#### [TASK REQUIREMENTS]
Word for word, and without a single picture, repeat the entries.
#### DATASET EXTRACT ####
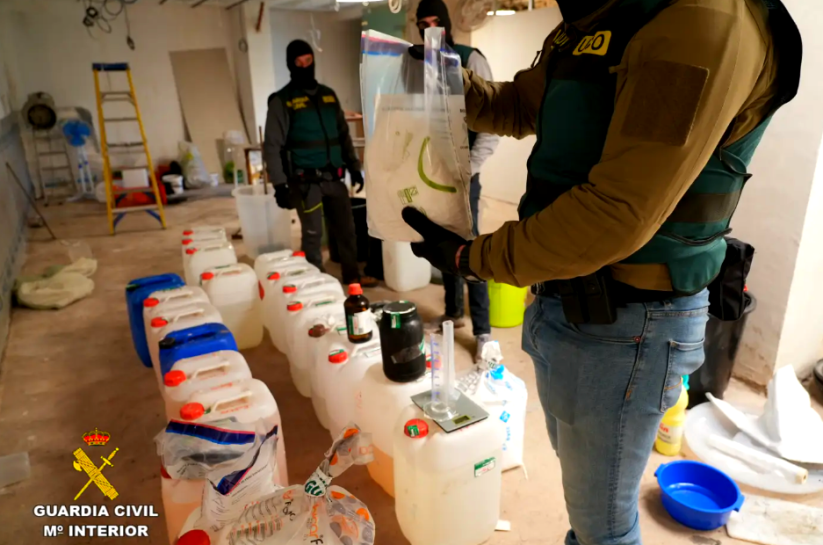 La policía desmantela un laboratorio de cocaína en España con una capacidad de producción que llegaría a los 100 kg mensuales.
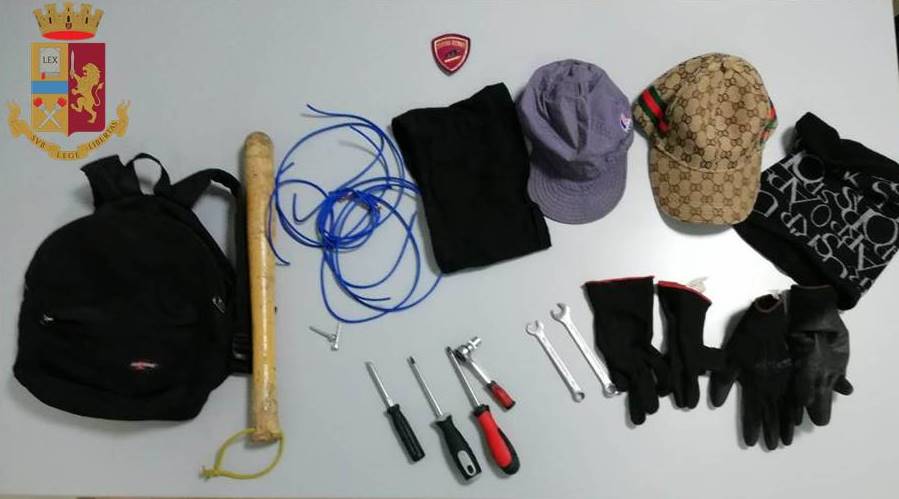 I successivi controlli hanno permesso di rinvenire all’interno dell’auto un vero e proprio “kit” del ladro di auto (spezzoni di fili elettrici, cacciaviti, una mazza di legno da baseball, chiavi inglesi, chiavi a cricchetto, viti a stella idonee a rompere i nottolini di auto).
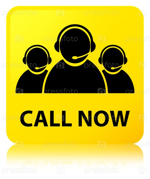 Позвоните сейчас (икона команды по обслуживанию клиентов) жёлтая квадратная кнопка
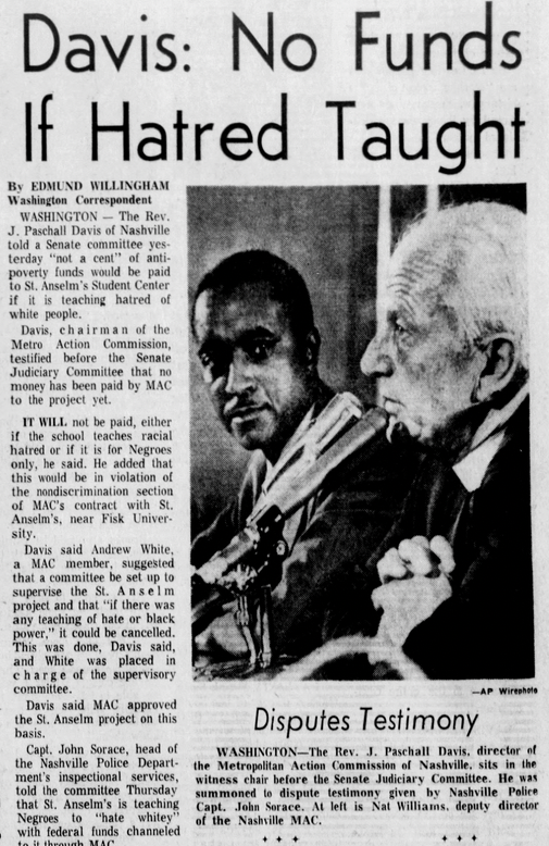 Prior to its affiliation with St. Anselm’s, the liberation school met at a community center on Jefferson Street operated by the Metropolitan Action Committee (MAC), a mayoral commission that was tasked with the local administration and distribution of federal anti-poverty funds. Mayor Beverly Briley appointed J. Paschall Davis, an attorney and member of the Christ Church vestry from 1951 through 1957 who was ordained to the priesthood in 1961, as chairman of MAC shortly after its creation in 1965. From the beginning, MAC was plagued with mismanagement, inefficiencies, and paternalistic attitudes toward both its employees and the recipients of its aid. When asked about discrimination alleged by MAC’s Black employees, for example, Davis all but confirmed the accusations, claiming “the child can’t give directions to the parents.” The liberation school met at MAC’s Jefferson Street location from February until May 1967, when the Committee shuttered all its community centers. Reporters for the Tennessean noted possible concerns about students in the liberation school being taught about Black Power, but MAC officials claimed the closures were simply part of an internal restructuring. Davis, for his part, claimed to have no knowledge the liberation school even existed.
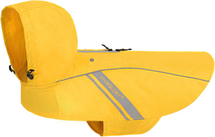 VIVAGLORY Dog Raincoat for Large Dogs, Easy on & Off Pet Rain Clothes, Reflective Lightweight Breathable Dogs Safety Vest Jackets for Adventures, Walking, Hunting, Bright Yellow
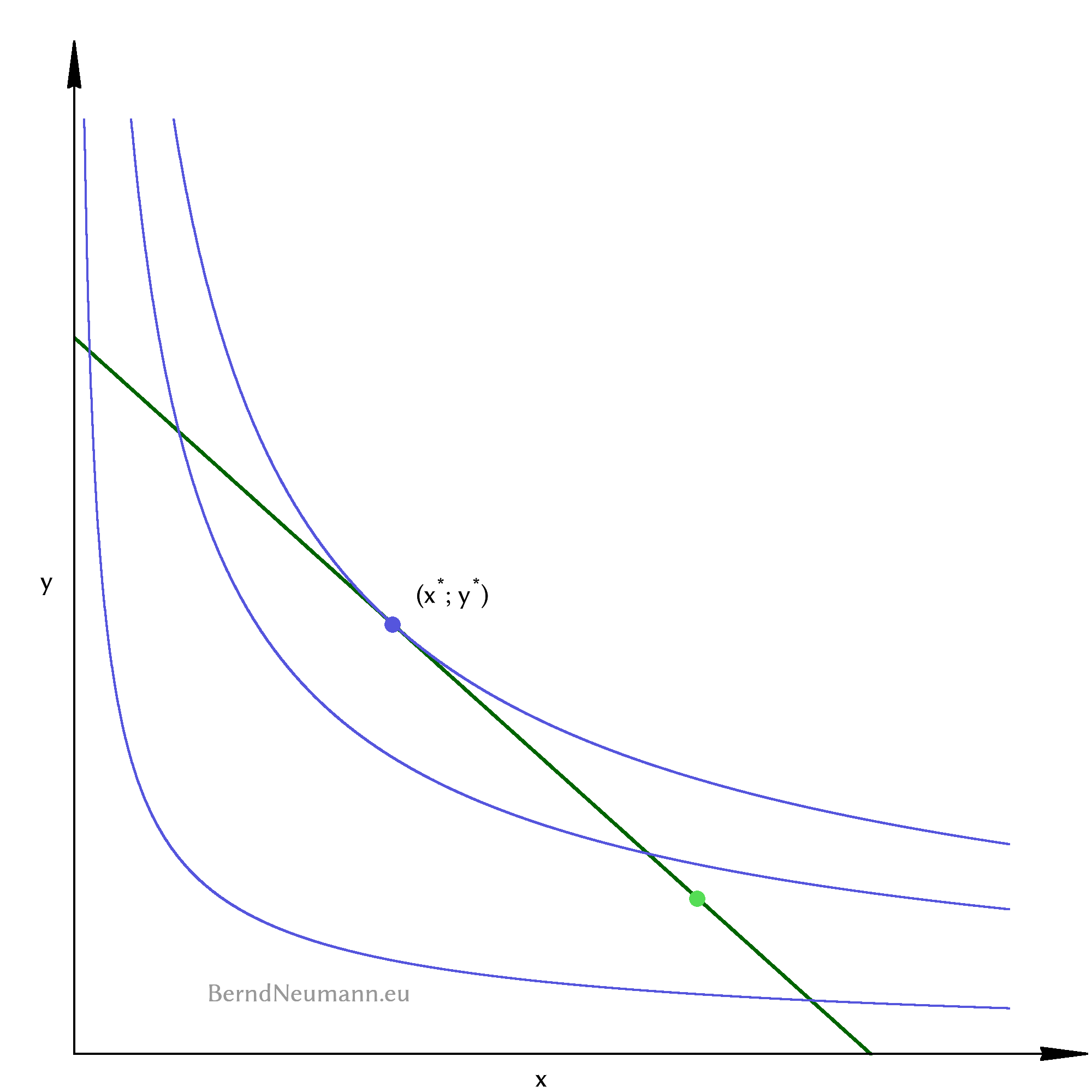 The individual thus consumes the bundle of goods \((x^*; y^*)\) and thus maximizes its utility. It is irrelevant how high this utility value is, because it is only relevant that this bundle of goods is the one with the highest utility value within the budget set. This bundle is described by the Marshallian demand functions, and with them everything essential about the decision of a single individual is said.
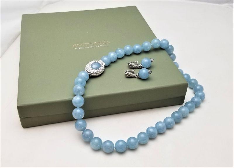 Lot #128  Judith Ripka Sterling  18" Milky Aqua Bead Necklace & matching clip earrings
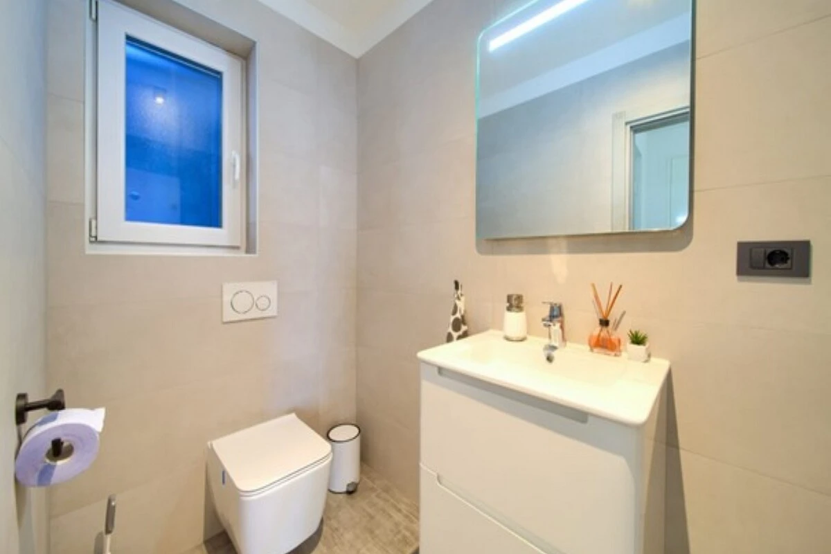 Ein weiterer Vorteil der Villa ist ihre ausgezeichnete Lage in der Nähe des malerischen Ortes Malinska, der zahlreiche Möglichkeiten zum Erkunden und für Freizeitaktivitäten bietet. Dort können Sie schöne Strände, kristallklares Meer, angenehme Spazierwege entlang der Küste und ein reichhaltiges Angebot an Restaurants und Cafés genießen. Die Gegend ist auch bekannt für kulturelle und natürliche Sehenswürdigkeiten, wie alte steinerne Kirchen, traditionelle Fischerdörfer und Aussichtspunkte, die atemberaubende Blicke auf die Kvarner-Bucht bieten.
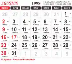 Tema kalender 1998 yang cocok buat desain kalender yang lebih lebar, cocok buat kalender kantor atau desain yang lebih minimalis.
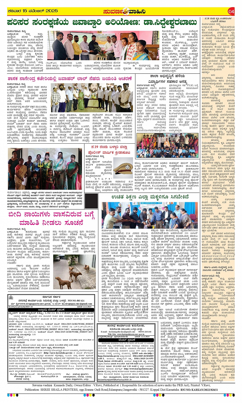 15 ನವೆಂಬರ್ 2025 Suvarna Vaahini Page: 4 November 15, 2025 << First << 4 >> Last >> Page 1Page 2Page 3Page 4 × 15 ನವೆಂಬರ್ 2025 Suvarna Vaahini page-1page-2page-3page-4 << First << 4 >> Last >> page-1page-2page-3page-4
####
#### [OUTPUT FOR THIS TASK]
 La policía desmantela un laboratorio de cocaína en España con una capacidad de producción que llegaría a los 100 kg mensuales.
 I successivi controlli hanno permesso di rinvenire all’interno dell’auto un vero e proprio “kit” del ladro di auto (spezzoni di fili elettrici, cacciaviti, una mazza di legno da baseball, chiavi inglesi, chiavi a cricchetto, viti a stella idonee a rompere i nottolini di auto).
 Позвоните сейчас (икона команды по обслуживанию клиентов) жёлтая квадратная кнопка
 Prior to its affiliation with St. Anselm’s, the liberation school met at a community center on Jefferson Street operated by the Metropolitan Action Committee (MAC), a mayoral commission that was tasked with the local administration and distribution of federal anti-poverty funds. Mayor Beverly Briley appointed J. Paschall Davis, an attorney and member of the Christ Church vestry from 1951 through 1957 who was ordained to the priesthood in 1961, as chairman of MAC shortly after its creation in 1965. From the beginning, MAC was plagued with mismanagement, inefficiencies, and paternalistic attitudes toward both its employees and the recipients of its aid. When asked about discrimination alleged by MAC’s Black employees, for example, Davis all but confirmed the accusations, claiming “the child can’t give directions to the parents.” The liberation school met at MAC’s Jefferson Street location from February until May 1967, when the Committee shuttered all its community centers. Reporters for the Tennessean noted possible concerns about students in the liberation school being taught about Black Power, but MAC officials claimed the closures were simply part of an internal restructuring. Davis, for his part, claimed to have no knowledge the liberation school even existed.
 VIVAGLORY Dog Raincoat for Large Dogs, Easy on & Off Pet Rain Clothes, Reflective Lightweight Breathable Dogs Safety Vest Jackets for Adventures, Walking, Hunting, Bright Yellow
 The individual thus consumes the bundle of goods \((x^*; y^*)\) and thus maximizes its utility. It is irrelevant how high this utility value is, because it is only relevant that this bundle of goods is the one with the highest utility value within the budget set. This bundle is described by the Marshallian demand functions, and with them everything essential about the decision of a single individual is said.
 Lot #128  Judith Ripka Sterling  18" Milky Aqua Bead Necklace & matching clip earrings
 Ein weiterer Vorteil der Villa ist ihre ausgezeichnete Lage in der Nähe des malerischen Ortes Malinska, der zahlreiche Möglichkeiten zum Erkunden und für Freizeitaktivitäten bietet. Dort können Sie schöne Strände, kristallklares Meer, angenehme Spazierwege entlang der Küste und ein reichhaltiges Angebot an Restaurants und Cafés genießen. Die Gegend ist auch bekannt für kulturelle und natürliche Sehenswürdigkeiten, wie alte steinerne Kirchen, traditionelle Fischerdörfer und Aussichtspunkte, die atemberaubende Blicke auf die Kvarner-Bucht bieten.
 Tema kalender 1998 yang cocok buat desain kalender yang lebih lebar, cocok buat kalender kantor atau desain yang lebih minimalis.
 15 ನವೆಂಬರ್ 2025 Suvarna Vaahini Page: 4 November 15, 2025 << First << 4 >> Last >> Page 1Page 2Page 3Page 4 × 15 ನವೆಂಬರ್ 2025 Suvarna Vaahini page-1page-2page-3page-4 << First << 4 >> Last >> page-1page-2page-3page-4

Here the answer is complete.